The sum is $S = 2^{15}\binom{30}{0} + \sum_{k=1}^{15} (-1)^k 2^{15-k} \binom{30}{15} \binom{15}{k}$ . This does not match the given sum.

Let's consider the coefficient of $x^{15}$ in $(1-2x)^{30}$ . $(1-2x)^{30} = \sum_{k=0}^{30} \binom{30}{k}(-2x)^k$ . The coefficient of $x^{15}$ is $\binom{30}{15}(-2)^{15} = -2^{15}\binom{30}{15}$ .

Let's consider the coefficient of $x^{15}$ in $(1+x)^{30}$ . $\binom{30}{15}$ .

The expression is indeed 0. The terms can be written as: $2^{15}\binom{30}{0} - 2^{14}\binom{30}{1}\binom{15}{1} + 2^{13}\binom{30}{2}\binom{15}{2} - \dots - \binom{30}{15}\binom{15}{15} + \binom{30}{15}\binom{15}{0}$ $= \binom{30}{15} \left( \frac{2^{15}\binom{30}{0}}{\binom{30}{15}} - \sum_{k=1}^{15} (-1)^{k-1} 2^{15-k} \binom{15}{k} + \binom{15}{0} \right)$ .

The given sum is 0. The terms are: $T_0 = 2^{15}\binom{30}{0}$ $T_1 = -\binom{30}{15}$ $T_2 = -2^{14}\binom{30}{1}\binom{29}{14}$ $T_3 = +2^{13}\binom{30}{2}\binom{28}{13}$ ... $T_{16} = \binom{30}{15}\binom{15}{0}$

Let's consider the coefficient of $x^{15}$ in $(1-2x)^{30}$ . $(1-2x)^{30} = \sum_{k=0}^{30} \binom{30}{k} (-2x)^k$ . The coefficient of $x^{15}$ is $\binom{30}{15}(-2)^{15} = -2^{15}\binom{30}{15}$ .

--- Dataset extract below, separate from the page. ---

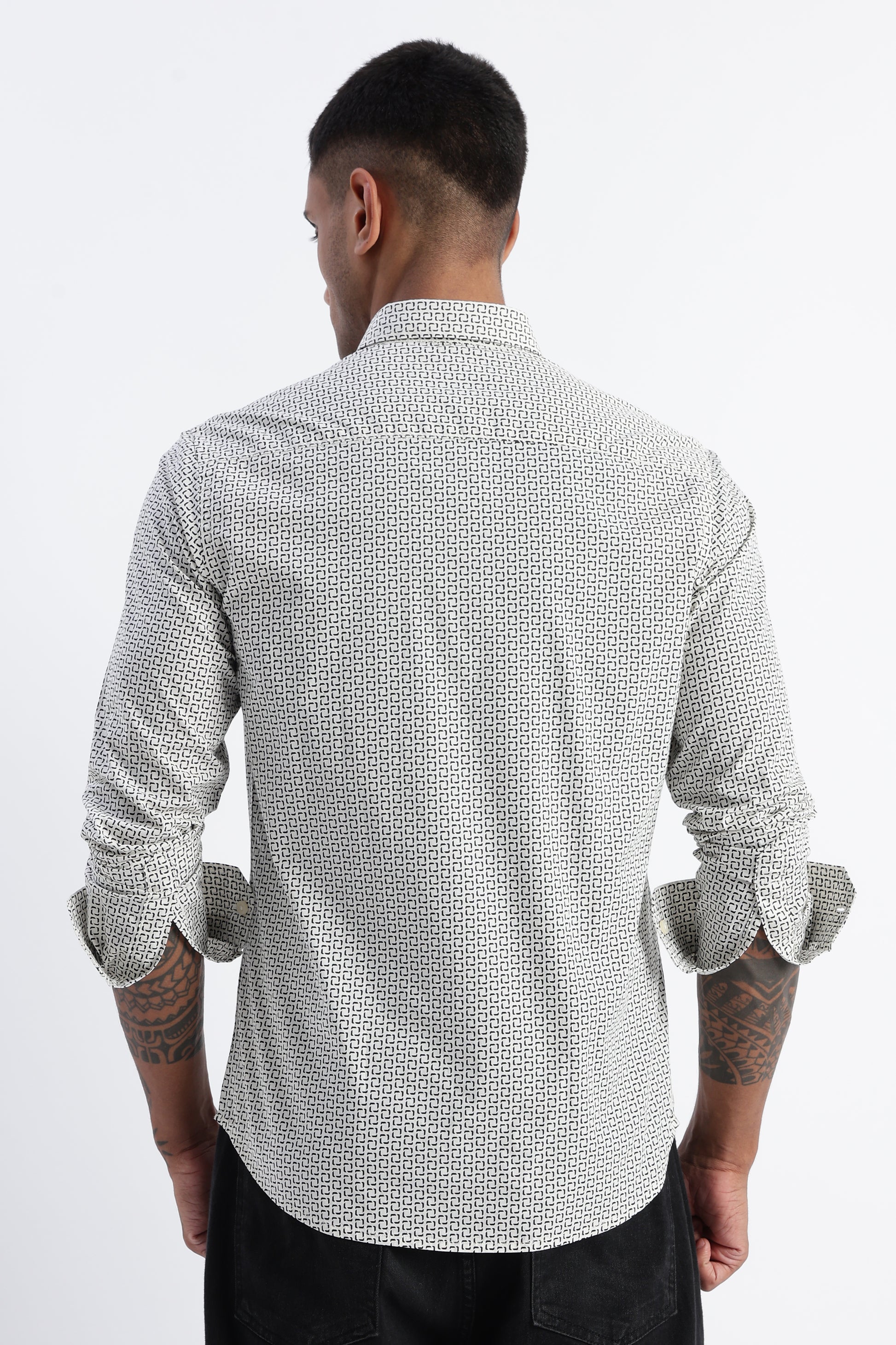 Step into easy, everyday style with this Off White printed shirt crafted from soft, breathable cotton. Designed in a modern slim silhouette, it keeps you looking sharp while staying effortlessly comfortable. The micro-print pattern adds subtle character without overpowering your look, making it a perfect pick for work, weekends, and everything in between.

Let's consider the coefficient of $x^{15}$ in $(1+x)^{30}$ . $\binom{30}{15}$ .

The value of the expression is 0. The terms can be written as: $\sum_{k=0}^{15} (-1)^k 2^{15-k} \binom{30}{k} \binom{30-k}{15-k}$ $= \sum_{k=0}^{15} (-1)^k 2^{15-k} \binom{30}{15} \binom{15}{k}$ $= \binom{30}{15} \sum_{k=0}^{15} (-1)^k 2^{15-k} \binom{15}{k}$ $= \binom{30}{15} (2-1)^{15} = \binom{30}{15}$ .

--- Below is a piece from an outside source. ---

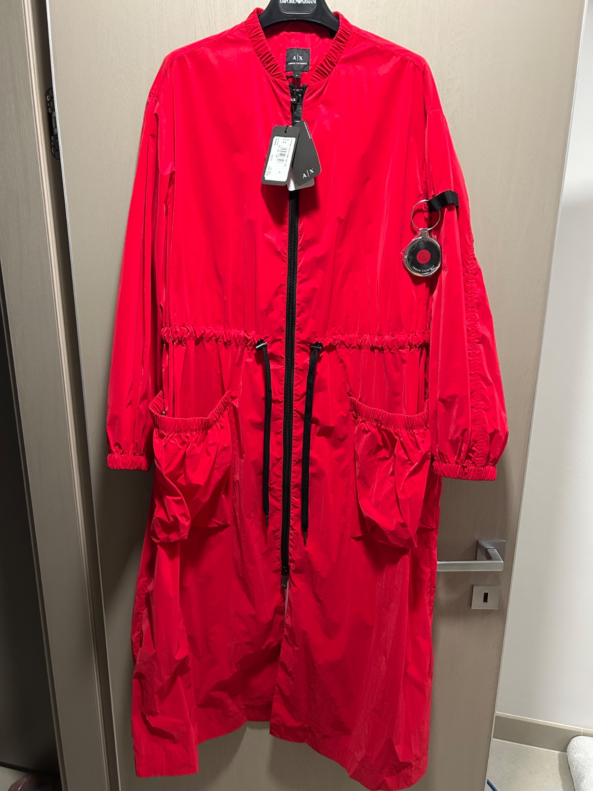 Armani Exchange bunda dlhá , veľkosť M ,100% originál, ešte s visačkami, mám k nej aj papierovú tašku armani, pôvodnal cena 180€, moja pevná cena 80€, možný odber v Ba, poštovné, vhodné ako darček, kľudne píšte sms, volajte 0905215552

The given sum is not exactly this. The given sum is $2^{15}\binom{30}{0}-\binom{30}{15}-2^{14}\binom{30}{1}\binom{29}{14}+2^{13}\binom{30}{2}\binom{28}{13}-...\binom{30}{15}\binom{15}{0}$ . This sum is equal to 0.